Advertisement
Correspondence

Authors' Reply

  • Hung D Nguyen,
  • Maki Yoshihama,
  • Naoya Kenmochi
  • Published: July 28, 2006
  • DOI: 10.1371/journal.pcbi.0020083

Authors' Reply

We thank Csűrös for his thoughtful remarks about our recent paper in PLoS Computational Biology [1,2]. Although both our method [2] and that of Csűrös [3] (the latter was published when the former was under review) assume the same model of intron evolution, and the results obtained by both methods for the dataset in [4] are similar, the implementation details are quite different. Csűrös [3] used a trial-and-error procedure for guessing the number of unobserved intron sites, and used posterior probability calculation to optimize the rates of intron gain and loss. In contrast, in our method the number of unobserved intron sites and rates of intron gain and loss are inferred at the same time by maximizing a likelihood function. As pointed out by Csűrös [1], the recent result of Raible et al. in Science [5], which indicated that about two-thirds of Platynereis dumerilii introns are at the same positions as those in humans seems to support the results in [2] and [3]. It is likely that the evolution of introns in P. dumerilii was similar to that in humans, where two-thirds of the introns were already present in the last common ancestor and the remaining one-third was gained late after divergence from this ancestor.

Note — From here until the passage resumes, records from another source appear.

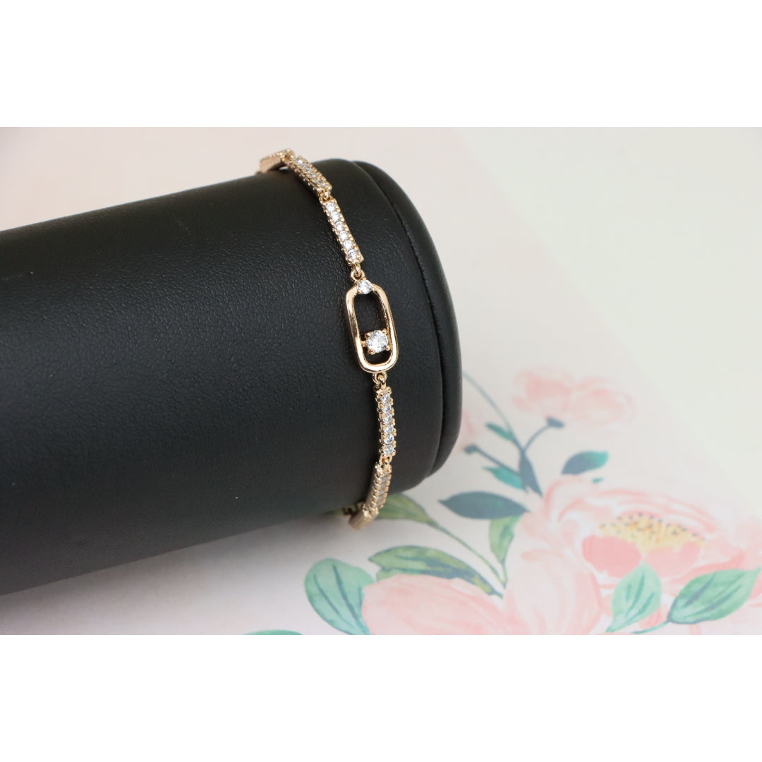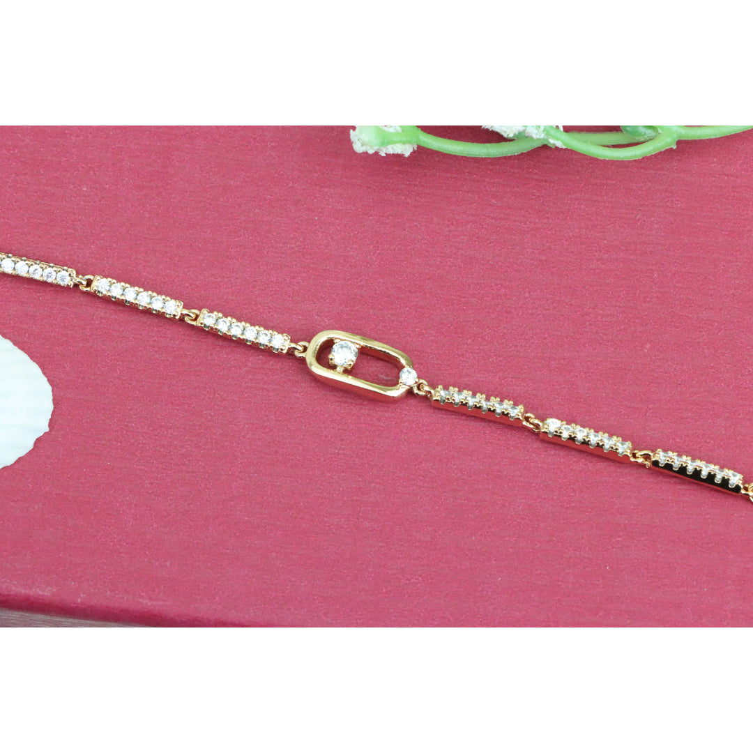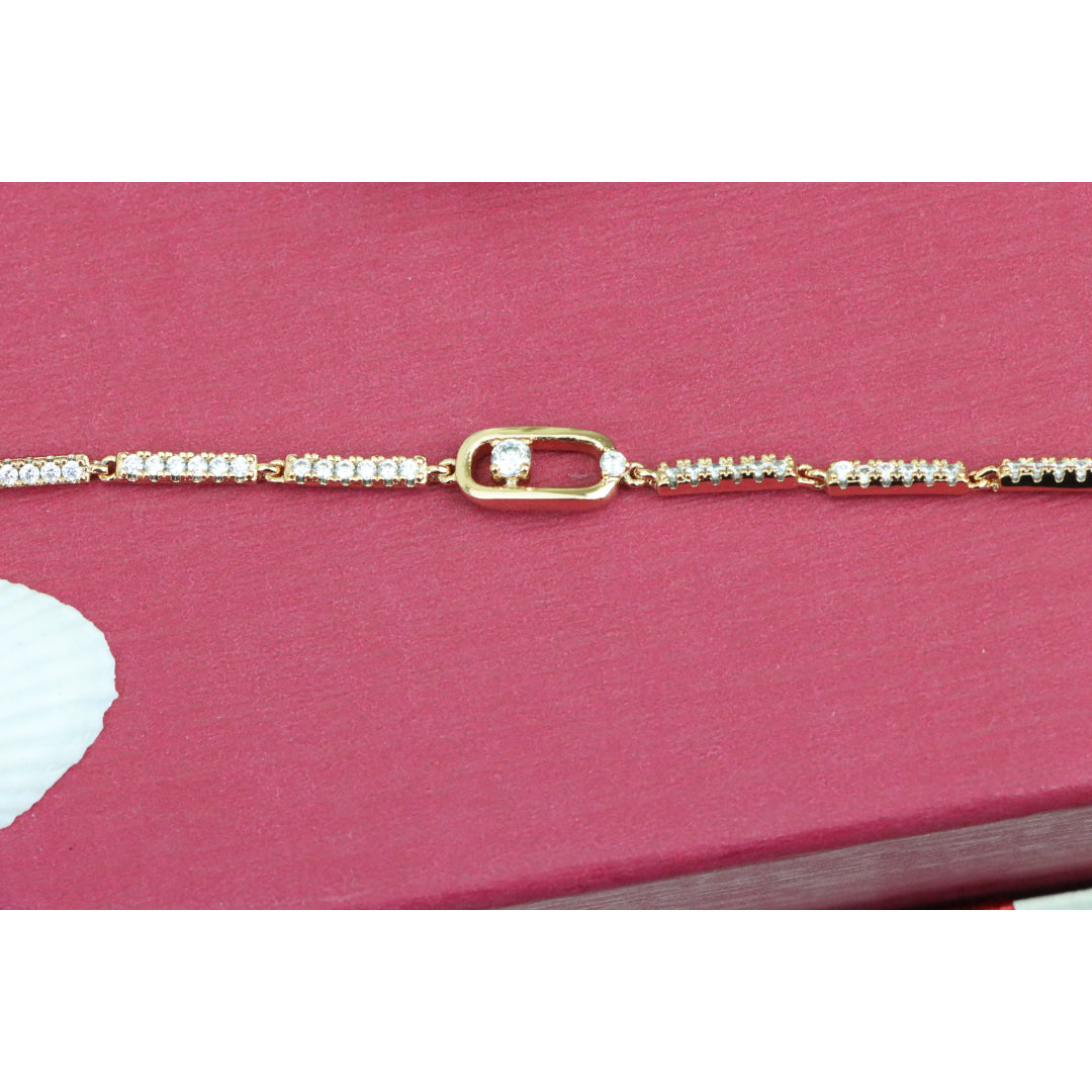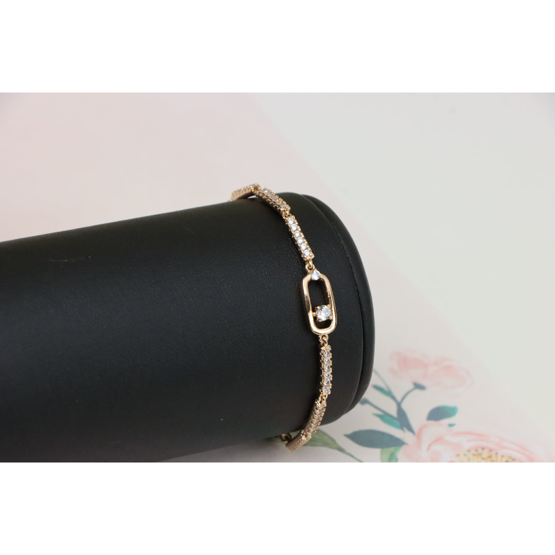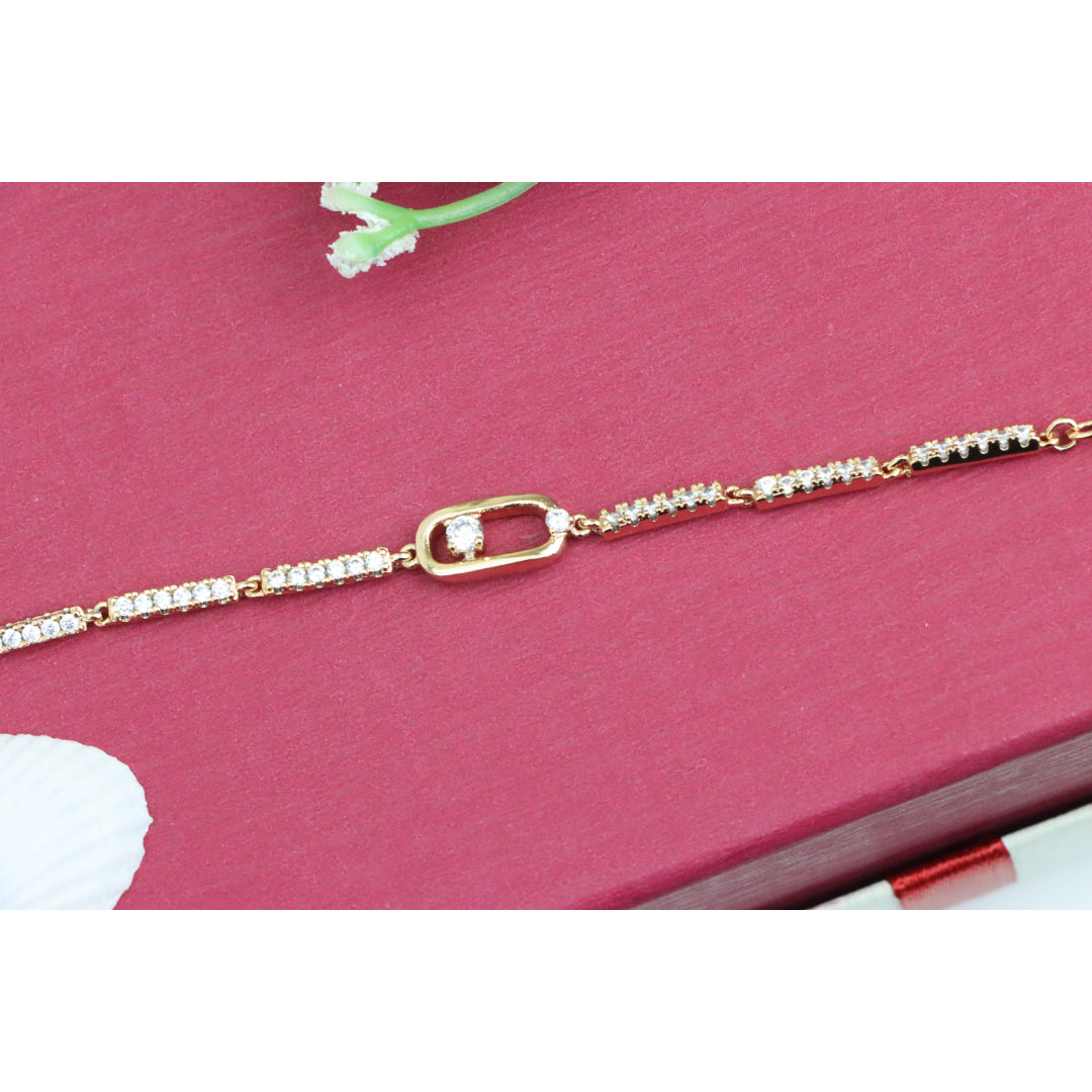 Elegant Rose Gold Bracelet with Sparkling Center Oval Charm, XPBL0913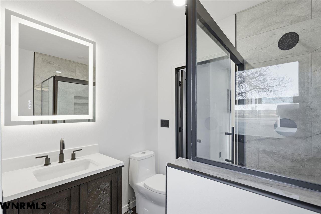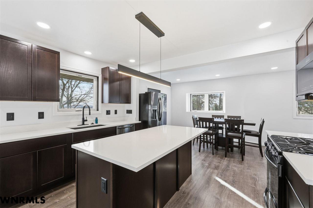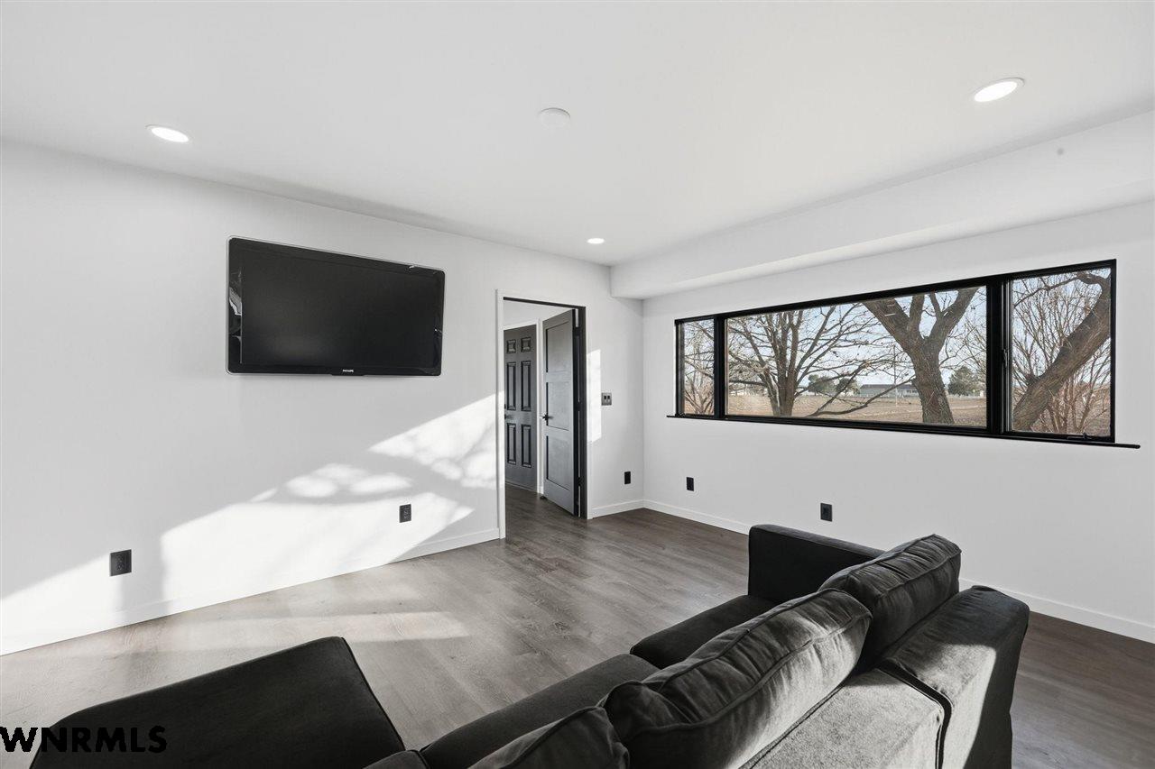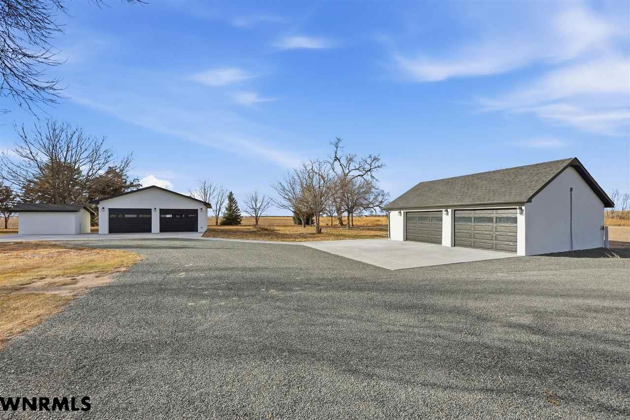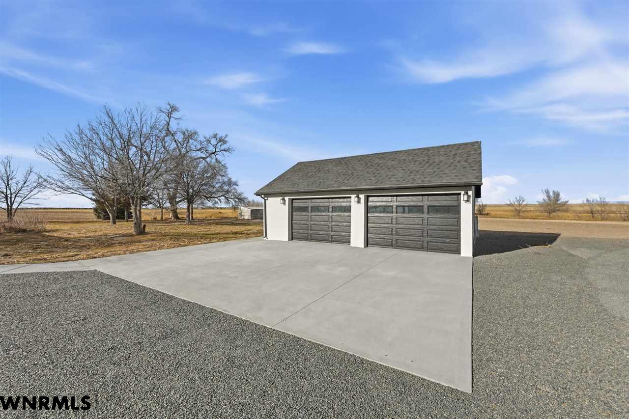 This beautiful, recently remodeled home sits on two acres roughly a quarter of a mile North of Highland Road and half a mile East of Lacy Park in Scottsbluff, NE. This stunning property offers a private escape from the city while also offering the convenience of being less than 10 minutes away from the heart of downtown Scottsbluff. The property features two finished detached garages and a small storage shed as well as room for an additional building. The home comes with a large 469 square foot wood deck overlooking a beautiful yard with over 30 mature trees and a new underground sprinkler system. All of the structures on the property have new stucco and new asphalt roofs. The North garage is 768 square feet with two new insulated overhead doors and features a small lighted storage area above. The garage closer to the home is new and slightly larger at 900 square feet and also features two new insulated overhead doors. Between the two garages is new colored concrete. The property is also on a well system and has two septic tanks. This home comes complete with four bedrooms, two living rooms, one full bathroom, two 3/4 bathrooms, a laundry/utility room, and a pantry. The water heater, plumbing, wiring, flooring, carpet, doors, cabinets, toilets, mirrors, vanities, switches, fixtures, and trim are all new. All the windows in the kitchen are new Pella windows. It features a modern kitchen with new quartz counters and brand-new Frigidaire Gallery appliances. The home also incorporates a new water softening system as well as central air. Taxes and parcel may change due to new survey. Basement bedroom windows my not be conforming.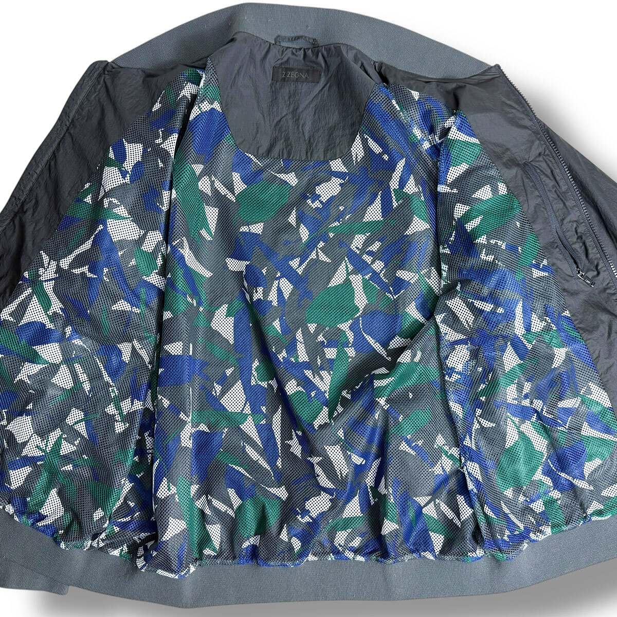 J7164 美品 ゼニア 近年モデル カモ柄裏地ナイロンブルゾン グレー系 XXL ZEGNA

Csűrös [1] commented that his algorithm is more efficient in terms of running time compared with ours. This comment is correct but with the stipulation that the number of observed sites be less than 2N, where N is the number of species. This condition does not hold for the dataset in [4]. In practice, however, this condition often holds for large values of N. In this case, some of the equations in our method [2] can be rewritten to yield the same time complexity as the method in [3].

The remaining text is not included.